The scenario of an indefinite number of rolls can be dealt with by realising that we will end up with a sum to infinity of geometric progressions whose ratio is a positive number less than $1$ (as the ratios are simply probabilities). Thus, there will be a finite sum to infinity, which will correspond to the probability we wish to find.

To find the probability that a $6$ and $8$ occur before two $7$s, there are $4$ branches we need to add together:-

  1. For $n\geq2$ rolls of the dice, we obtain at least one $6$ and $(n-2)$ sums which are not $6$,$7$ or $8$, and the final roll results in the sum of $8$.

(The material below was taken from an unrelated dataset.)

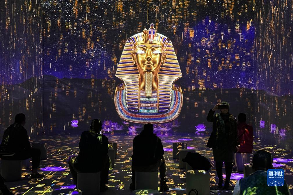 11月20日,人們在埃及吉薩的大埃及博物館參觀(guān)圖坦卡蒙沉浸式展覽。

  2. For $n\geq3$ rolls of the dice, we roll and obtain at least one $6$ and $(n-3)$ dice sums which are not $6$,$7$ or $8$ and one $7$, and the final roll results in the sum of $8$.

  3. For $n\geq2$ rolls of the dice, we obtain at least one $8$ and $(n-2)$ sums which are not $6$,$7$ or $8$, and the final roll results in the sum of $6$.

  4. For $n\geq3$ rolls of the dice, we roll and obtain at least one $8$ and $(n-3)$ sums which are not $6$,$7$ or $8$ and one $7$, with the final roll resulting in the sum of $6$.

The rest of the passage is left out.